GitHub supports using fine-grained access tokens for committing and accessing the API. These allow you to restrict the scope of the token to a specific repository and can help limit the impact if a token is compromised.
We currently have fine-grained access tokens disabled for our Organization on GitHub, but I would like to turn them on so people can start using them. I think eventually we may want to require these for access to our org, but for now they will be optional.
Any objections to doing this? If not I’ll try to enable them next week.
3 Likes
No objections. I can’t see any downside to have them enabled.
IDK if it’s related, but today I tried to use reviewable again and it didn’t work.
Note that I used it once some time ago, without any problems.

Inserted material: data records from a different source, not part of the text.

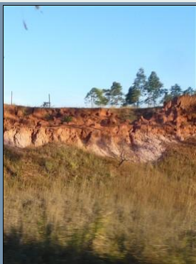
Meteorización laterítica - suelos lateríticos en Brasil.

La pedología es un ciencia interdisciplinaria - es decir se necesita conocimientos profundos en: Biología Botánica Microbiología Química Química orgánica Mineralogía Geología Hidrología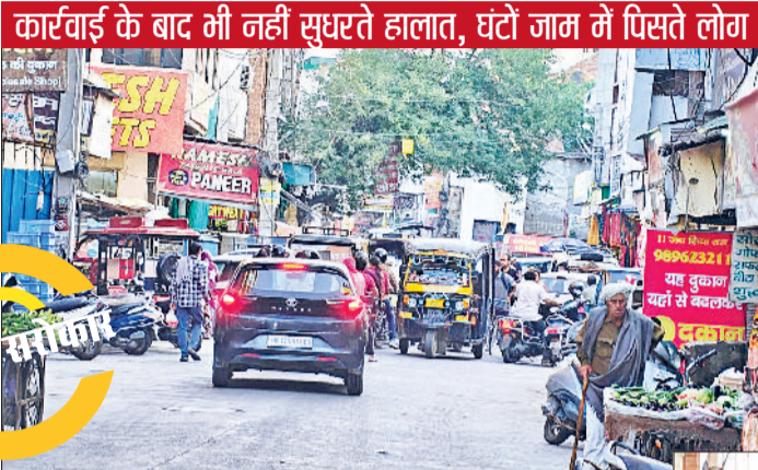
कार्रवाई के बाद भी नहीं सुधरते हालात, घंटों जाम में पिसते लोग

शहर के व्यस्त दुर्गा भवन मंदिर से माल गोदाम रोड तक इन दिनों जाम और अतिक्रमण ने लोगों की जिंदगी मुश्किल बना दी है। कागजों में करीब 50 फुट चौड़ी यह सड़क हकीकत में महज 10 फुट तक सिमट गई है। सड़क किनारे खड़े वाहन, दुकानों के बाहर फैला सामान और रेहड़ियां ट्रैफिक को पूरी तरह बाधित कर रही हैं। हालात यह हैं कि सुबह-शाम के समय लोग घंटों जाम में फंसे रहते हैं। भीषण गर्मी में यह परेशानी और बढ़ जाती है, जब धूप में खड़े वाहन चालकों और राहगीरों को भारी दिक्कतों का सामना करना पड़ता है। सबसे चिंताजनक स्थिति तब होती है जब एंबुलेंस और इमरजेंसी वाहन भी इस जाम में फंस जाते हैं। प्रशासन द्वारा समय-समय पर कार्रवाई के बावजूद स्थायी समाधान नहीं निकल पाया है, जिससे लोगों में नाराजगी बढ़ रही है।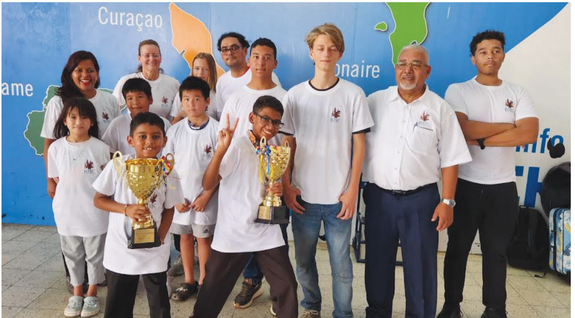
Hóbennan di BJSC (Bonaire Jeugd Schaak Club) a sobresali den e Aruba Chess Challenge 2023. Despues di un preparashon for di mei último e hóbennan a duna bon prestashon, ganando tres premio for di diferente kategoria. Foto ta mustra e delegashon di BJSC ku a biaha pa Aruba.

Hóbennan di klup di ahedres a sobresali na Aruba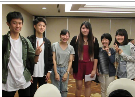
学生ガイドと共に班別行動開始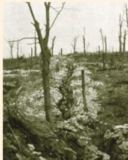
Duc. 4 Trincea di u boscu di la Caillete, Verdun, aprile 1916, dopu trè ghjorni filati di battaglia.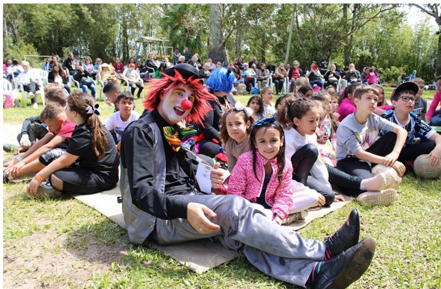
Família diocesana: unidade, fraternidade e muita alegria

A programação era bem variada. Além das celebra-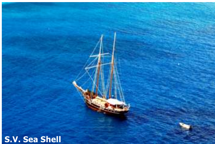
S.V. Sea Shell

Embarquement à l'Inter Island Quay à 1030hrs. Après l'accueil à bord suivi d'un commentaire du Capitaine, départ à 1200hrs vers l'île Ronde proche de Praslin. Arrivée, en fin d'après-midi pour un diner barbecue à bord.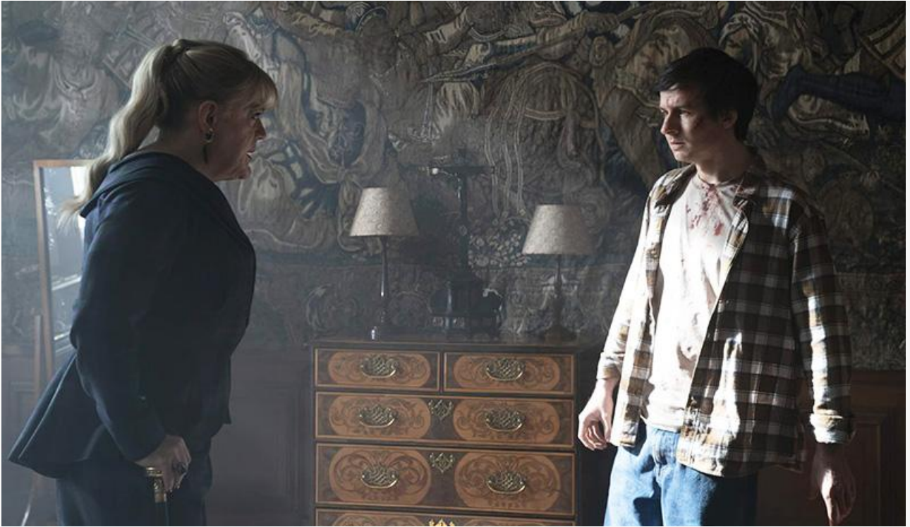
Кадр из фильма «Доктор Джекилл»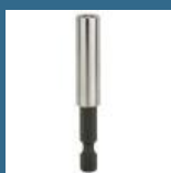
BOSCH Adaptor bit 54 mm

Now, it prints an error message like this when I want to submit my review:
Failed to publish: GitHub error 403 on POST https://api.github.com/repos/llvm/llvm-project/pulls/78315/reviews: Although you appear to have the correct authorization credentials, the
llvm organization has enabled OAuth App access restrictions, meaning that data access to third-parties is limited. For more information on these restrictions, including how to enable this app, visit https://docs.github.com/articles/restricting-access-to-your-organization-s-data/
Could it be related?
In my Sign in to GitHub · GitHub on tab “Authorized OAuth Apps”, after selecting “Reviewable” I have this:
It’s not related, because I haven’t made the config change yet. Do you remember the approximate date the last time it worked?
I can’t recall. It must have been sometimes before the holidays. It could be that I simply don’t remember correctly and I never actually published anything using that app, thus hiding this error message.

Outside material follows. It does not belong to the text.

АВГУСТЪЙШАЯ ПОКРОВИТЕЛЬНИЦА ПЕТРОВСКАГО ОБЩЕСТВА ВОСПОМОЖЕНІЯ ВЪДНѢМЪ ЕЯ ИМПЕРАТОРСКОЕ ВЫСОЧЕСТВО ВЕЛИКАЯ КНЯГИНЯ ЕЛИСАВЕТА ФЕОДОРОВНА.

@beanz is working on the policy to allow 3-rd party apps to access project-wide information (including e.g. emails of users). It is disabled until the policy will be established and the privacy policy of apps reviewed to comply.
I have enabled this for the llvm organization now. I would encourage every one to use fine-grained access tokens from now on, especially if you belong to multiple organizations on GitHub. If you run into any issues with this, let me know.